Inferential Thinking
Inferential thinking can be considered like a conclusion inferring technique. Typically, from your evidence
based analysis findings, you ‘draw out’ the logical conclusion (Lumen, 2020). The underlying abstract thinking
process in your headspace, is called metacognition. Metacognition is the ability of your brain to recognise
bigger picture patterns from your brain’s information processing. In that brain processing, the accuracy of the
information, which is your analysis findings, is important. When you do not understand how you came to your
analysis findings and also do not understand the underlying contexts clearly, then your brain will just process
value information and spit out a conclusion statement that is wishy washy. When assessed, you received
feedback, saying your conclusion does not logically connect with your analysis findings or body discussions.

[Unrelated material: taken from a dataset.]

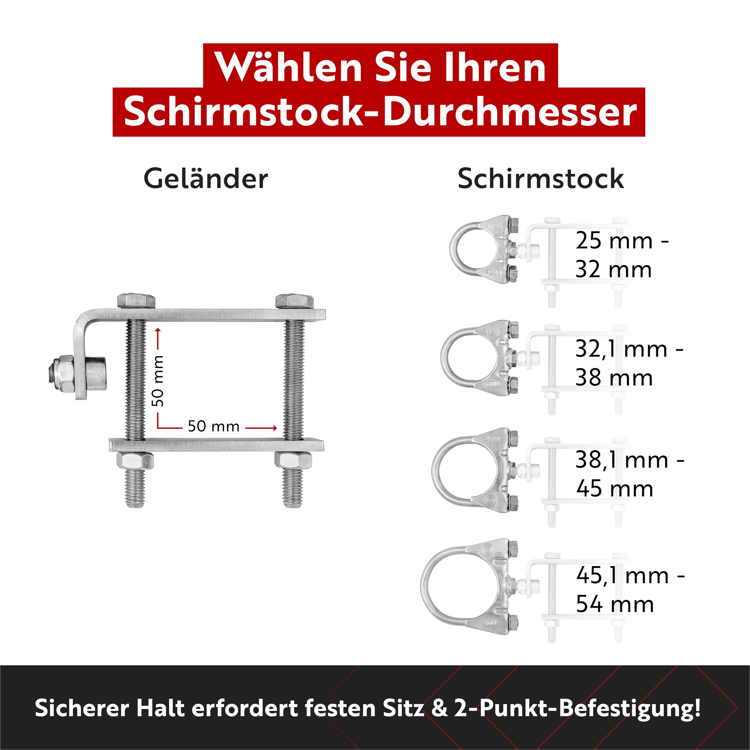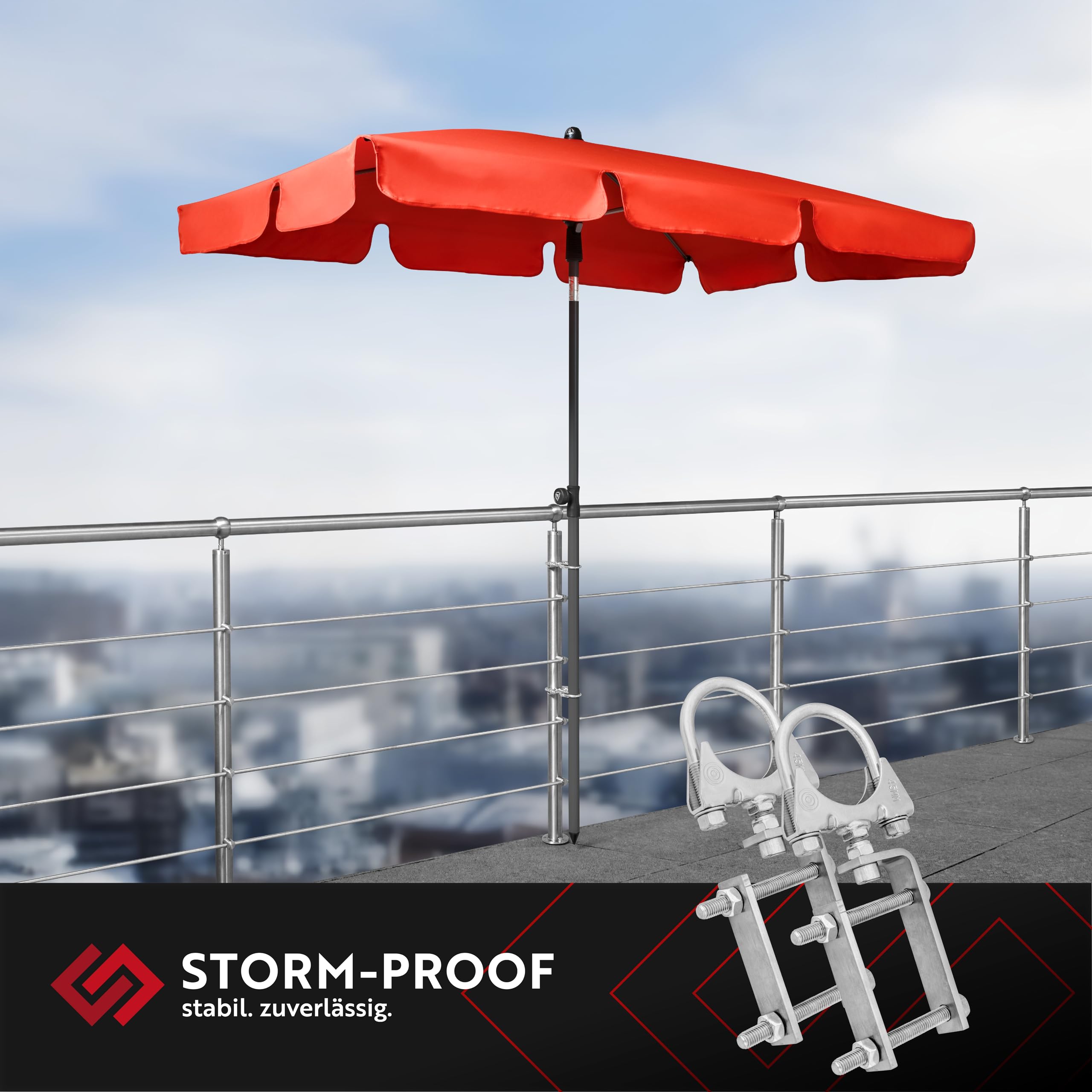 Die STORM-PROOF Sonnenschirmhalter halten den Schirm sicher an zwei Befestigungspunkten am Geländer fest. Damit steht Dein Sonnenschirm kerzengerade und absolut sicher befestigt, auch wenn es windig ist.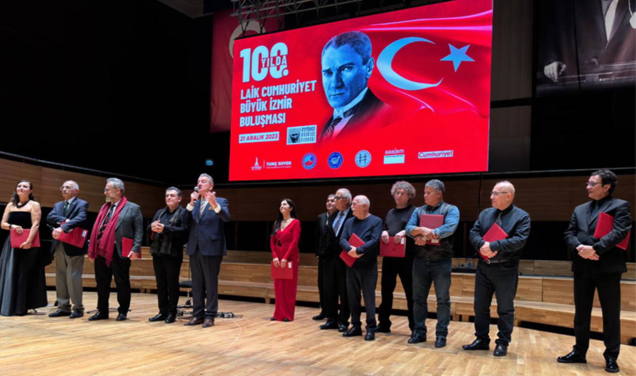 Atatürk, Cumhuriyet ve laiklik savunucuları İzmir’den gerici karanlığa karşı bir kez daha aydınlık çağrısı yaparken, Atatürk ve devrimlerine sahip çıkılacağı belirtildi. Atatürkçü Düşünce Derneği (ADD), Birleşik Kamu-İş, Çağdaş Yaşamı Destekleme Derneği (ÇYDD), Sanatçılar Birliği ve gazetemiz Cumhuriyet’in düzenlediği “100. Yılda Laik Cumhuriyet Büyük Buluşması”nın üçüncüsü İzmir Büyükşehir Belediyesi’nin ev sahipliğinde yapıldı.

Inferential thinking is your deep brain processing ability.
Gauging where this cognitive ability is at (weak, moderate or strong) is important, because being aware of
this capability is the first step for self-improvement planning. Some of us spend great effort and time studying
hard and still find it hard to fully comprehend the meanings of information. When doing assignments, we are
not sure:
• what topics to choose or keyword to research.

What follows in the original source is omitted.